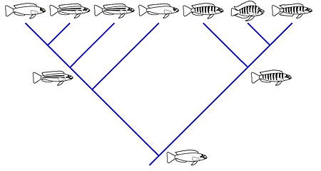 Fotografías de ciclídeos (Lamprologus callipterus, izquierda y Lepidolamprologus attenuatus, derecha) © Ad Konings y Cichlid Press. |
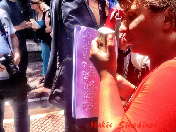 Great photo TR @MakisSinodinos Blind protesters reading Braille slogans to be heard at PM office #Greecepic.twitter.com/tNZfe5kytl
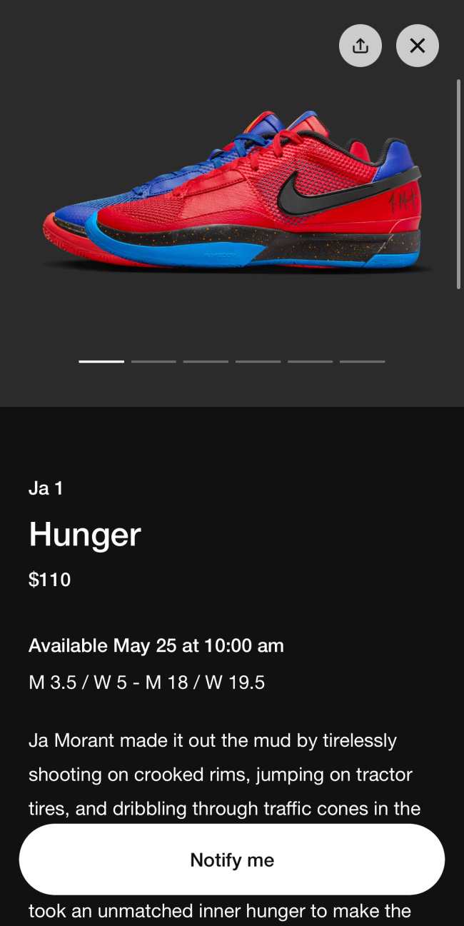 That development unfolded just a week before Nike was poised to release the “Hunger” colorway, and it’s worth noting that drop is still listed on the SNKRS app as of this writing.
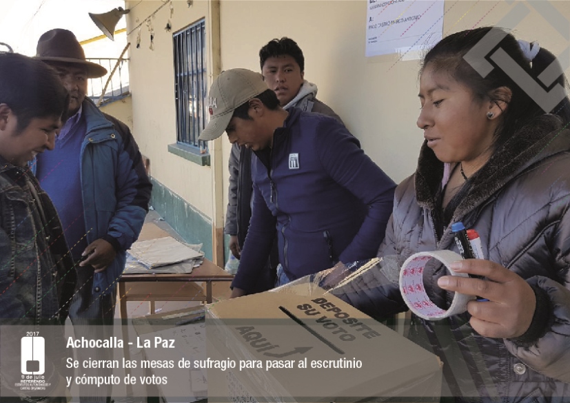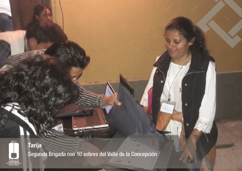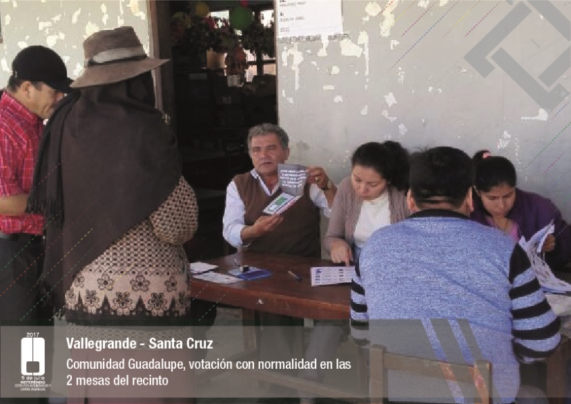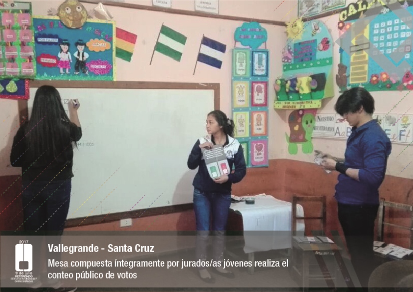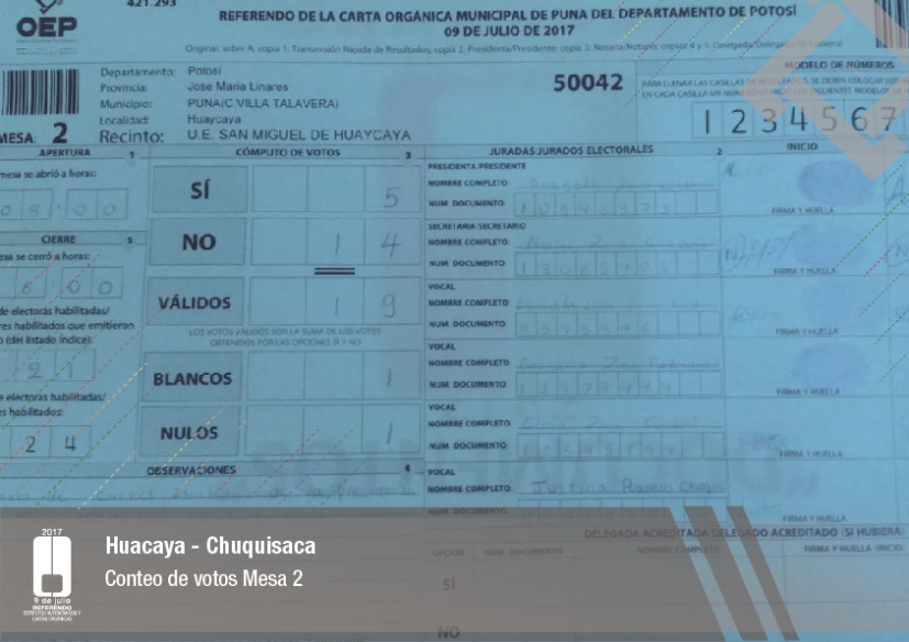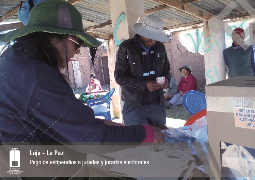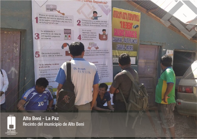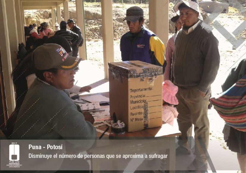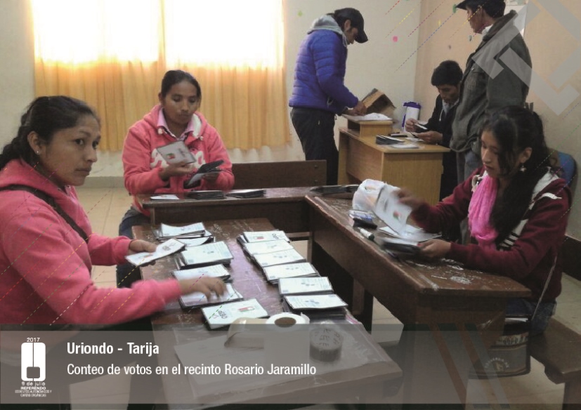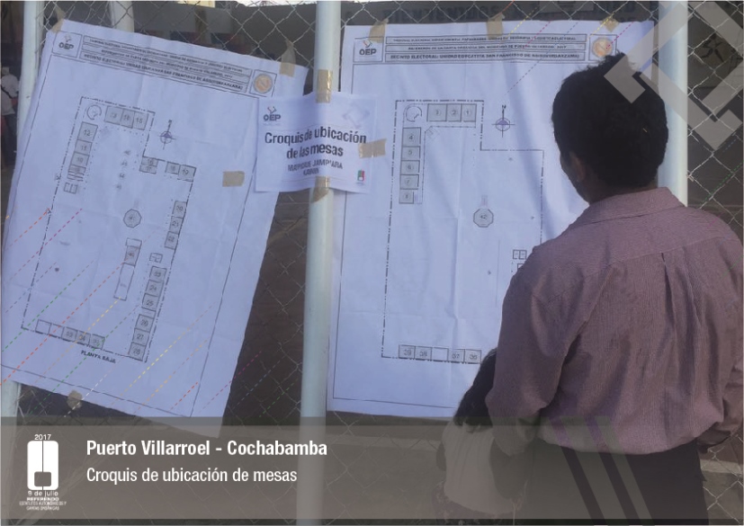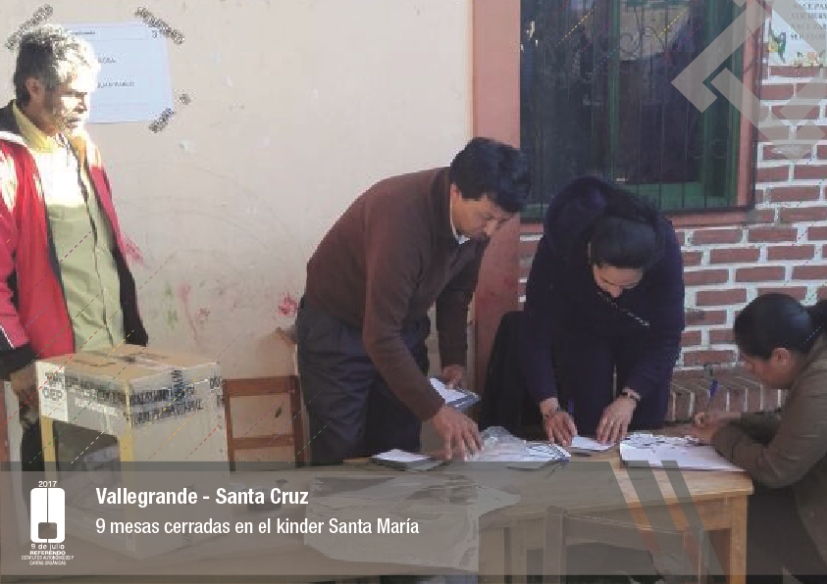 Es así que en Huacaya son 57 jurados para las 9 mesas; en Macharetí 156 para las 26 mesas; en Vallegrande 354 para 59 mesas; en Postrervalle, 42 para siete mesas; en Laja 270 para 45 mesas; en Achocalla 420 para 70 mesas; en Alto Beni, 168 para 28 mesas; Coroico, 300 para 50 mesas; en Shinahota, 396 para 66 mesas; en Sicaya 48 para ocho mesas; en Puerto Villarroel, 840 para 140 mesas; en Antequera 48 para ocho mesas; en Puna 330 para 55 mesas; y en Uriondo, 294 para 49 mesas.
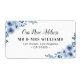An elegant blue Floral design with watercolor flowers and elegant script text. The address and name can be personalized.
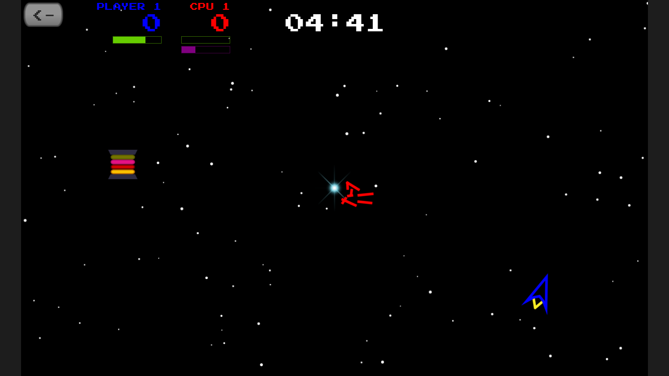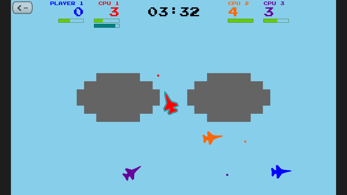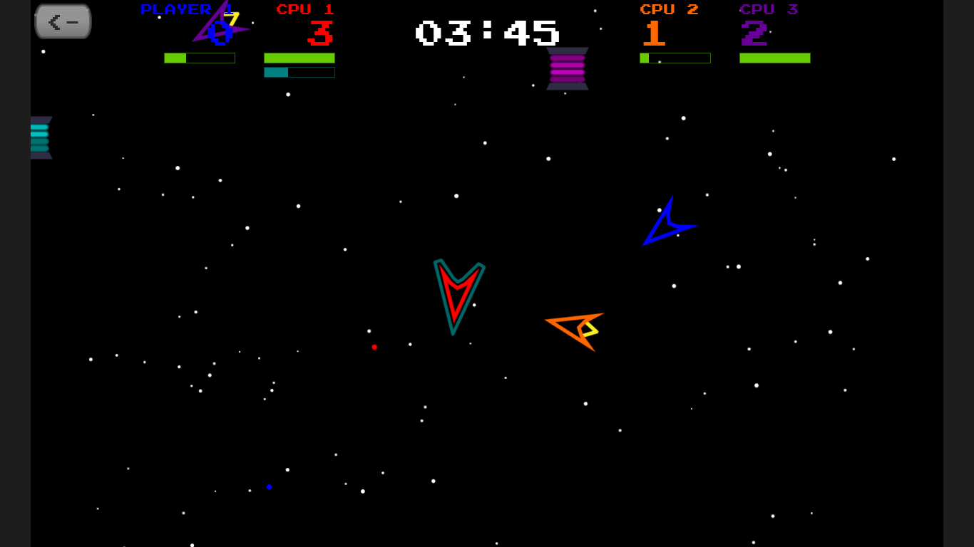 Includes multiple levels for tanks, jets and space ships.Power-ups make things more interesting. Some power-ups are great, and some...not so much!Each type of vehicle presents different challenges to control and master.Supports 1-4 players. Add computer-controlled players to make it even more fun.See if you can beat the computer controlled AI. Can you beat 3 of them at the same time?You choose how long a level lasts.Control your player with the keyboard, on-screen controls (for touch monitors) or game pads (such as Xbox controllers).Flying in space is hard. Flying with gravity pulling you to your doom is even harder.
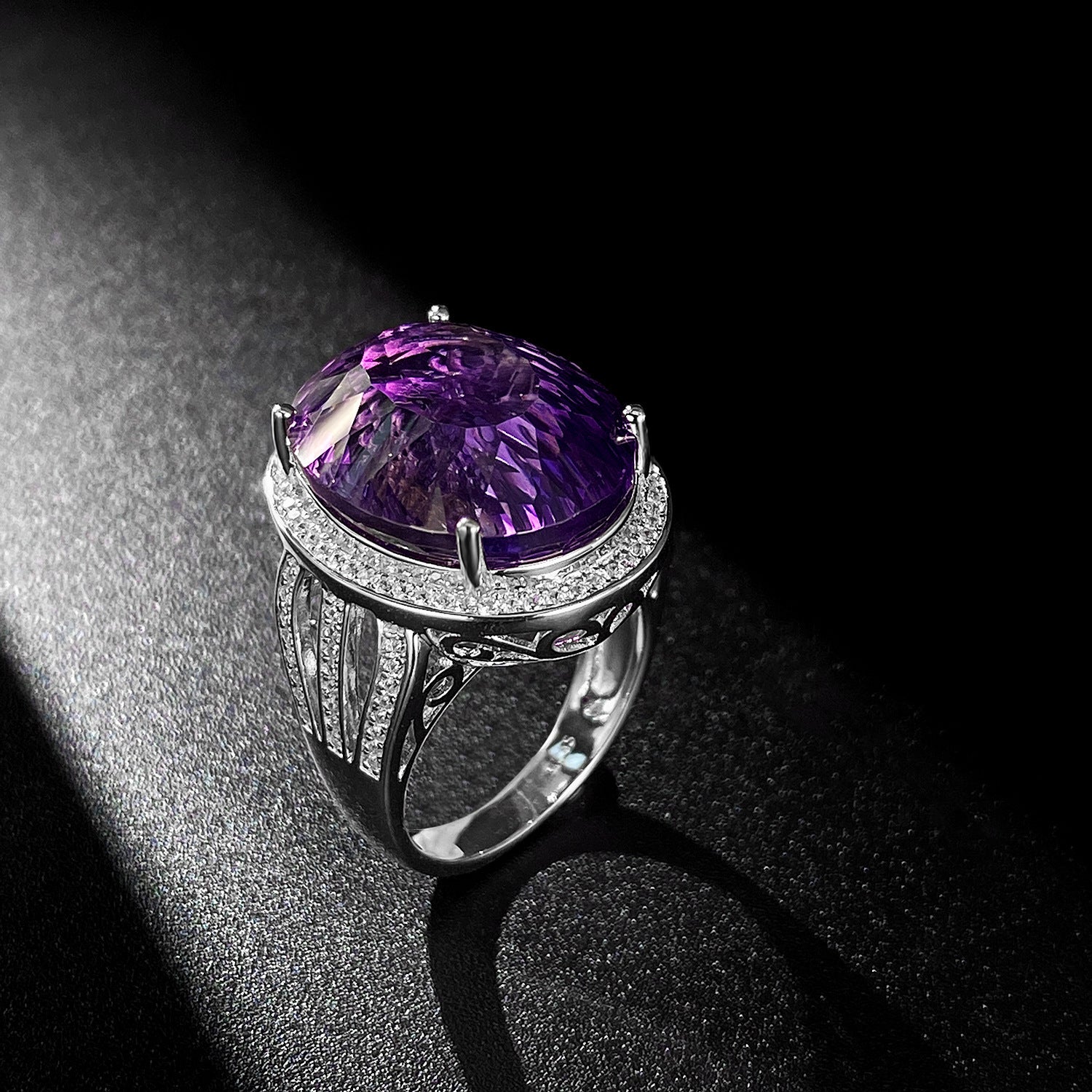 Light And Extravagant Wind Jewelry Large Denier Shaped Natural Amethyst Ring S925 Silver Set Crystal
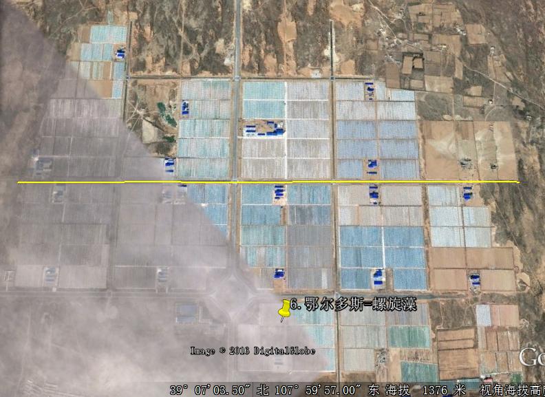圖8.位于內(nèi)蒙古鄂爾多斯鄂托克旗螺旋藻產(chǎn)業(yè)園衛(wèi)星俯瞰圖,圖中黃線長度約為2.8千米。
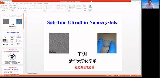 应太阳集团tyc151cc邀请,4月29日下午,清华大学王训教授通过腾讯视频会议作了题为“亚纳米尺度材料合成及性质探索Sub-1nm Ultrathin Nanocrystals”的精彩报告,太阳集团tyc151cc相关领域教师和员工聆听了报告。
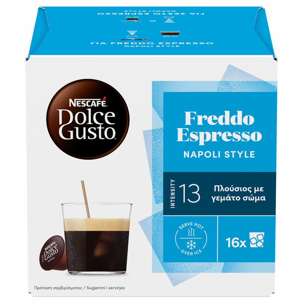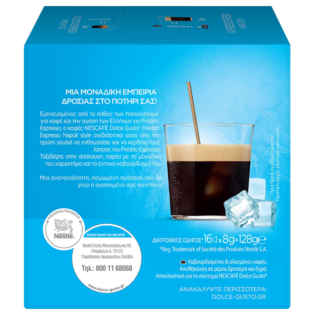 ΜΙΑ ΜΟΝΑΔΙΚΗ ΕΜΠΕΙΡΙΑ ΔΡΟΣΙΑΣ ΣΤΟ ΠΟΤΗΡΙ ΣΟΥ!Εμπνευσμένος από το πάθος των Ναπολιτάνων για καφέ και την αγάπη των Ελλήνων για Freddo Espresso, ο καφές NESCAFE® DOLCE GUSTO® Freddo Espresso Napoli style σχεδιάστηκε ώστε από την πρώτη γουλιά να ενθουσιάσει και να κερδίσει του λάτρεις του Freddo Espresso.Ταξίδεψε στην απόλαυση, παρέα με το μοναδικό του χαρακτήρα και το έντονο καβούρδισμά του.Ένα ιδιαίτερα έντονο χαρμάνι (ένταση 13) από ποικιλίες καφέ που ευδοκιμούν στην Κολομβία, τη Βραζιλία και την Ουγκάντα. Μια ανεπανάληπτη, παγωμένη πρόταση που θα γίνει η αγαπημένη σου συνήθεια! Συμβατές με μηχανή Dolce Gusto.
^^^^^^^^^^^^^^^^
### [Assignment]
Could you write out the whole listing exactly, skipping every picture?

### [Output]
 Fotografías de ciclídeos (Lamprologus callipterus, izquierda y Lepidolamprologus attenuatus, derecha) © Ad Konings y Cichlid Press. |
 Great photo TR @MakisSinodinos Blind protesters reading Braille slogans to be heard at PM office #Greecepic.twitter.com/tNZfe5kytl
 That development unfolded just a week before Nike was poised to release the “Hunger” colorway, and it’s worth noting that drop is still listed on the SNKRS app as of this writing.
 Es así que en Huacaya son 57 jurados para las 9 mesas; en Macharetí 156 para las 26 mesas; en Vallegrande 354 para 59 mesas; en Postrervalle, 42 para siete mesas; en Laja 270 para 45 mesas; en Achocalla 420 para 70 mesas; en Alto Beni, 168 para 28 mesas; Coroico, 300 para 50 mesas; en Shinahota, 396 para 66 mesas; en Sicaya 48 para ocho mesas; en Puerto Villarroel, 840 para 140 mesas; en Antequera 48 para ocho mesas; en Puna 330 para 55 mesas; y en Uriondo, 294 para 49 mesas.
An elegant blue Floral design with watercolor flowers and elegant script text. The address and name can be personalized.
 Includes multiple levels for tanks, jets and space ships.Power-ups make things more interesting. Some power-ups are great, and some...not so much!Each type of vehicle presents different challenges to control and master.Supports 1-4 players. Add computer-controlled players to make it even more fun.See if you can beat the computer controlled AI. Can you beat 3 of them at the same time?You choose how long a level lasts.Control your player with the keyboard, on-screen controls (for touch monitors) or game pads (such as Xbox controllers).Flying in space is hard. Flying with gravity pulling you to your doom is even harder.
 Light And Extravagant Wind Jewelry Large Denier Shaped Natural Amethyst Ring S925 Silver Set Crystal
圖8.位于內(nèi)蒙古鄂爾多斯鄂托克旗螺旋藻產(chǎn)業(yè)園衛(wèi)星俯瞰圖,圖中黃線長度約為2.8千米。
 应太阳集团tyc151cc邀请,4月29日下午,清华大学王训教授通过腾讯视频会议作了题为“亚纳米尺度材料合成及性质探索Sub-1nm Ultrathin Nanocrystals”的精彩报告,太阳集团tyc151cc相关领域教师和员工聆听了报告。
 ΜΙΑ ΜΟΝΑΔΙΚΗ ΕΜΠΕΙΡΙΑ ΔΡΟΣΙΑΣ ΣΤΟ ΠΟΤΗΡΙ ΣΟΥ!Εμπνευσμένος από το πάθος των Ναπολιτάνων για καφέ και την αγάπη των Ελλήνων για Freddo Espresso, ο καφές NESCAFE® DOLCE GUSTO® Freddo Espresso Napoli style σχεδιάστηκε ώστε από την πρώτη γουλιά να ενθουσιάσει και να κερδίσει του λάτρεις του Freddo Espresso.Ταξίδεψε στην απόλαυση, παρέα με το μοναδικό του χαρακτήρα και το έντονο καβούρδισμά του.Ένα ιδιαίτερα έντονο χαρμάνι (ένταση 13) από ποικιλίες καφέ που ευδοκιμούν στην Κολομβία, τη Βραζιλία και την Ουγκάντα. Μια ανεπανάληπτη, παγωμένη πρόταση που θα γίνει η αγαπημένη σου συνήθεια! Συμβατές με μηχανή Dolce Gusto.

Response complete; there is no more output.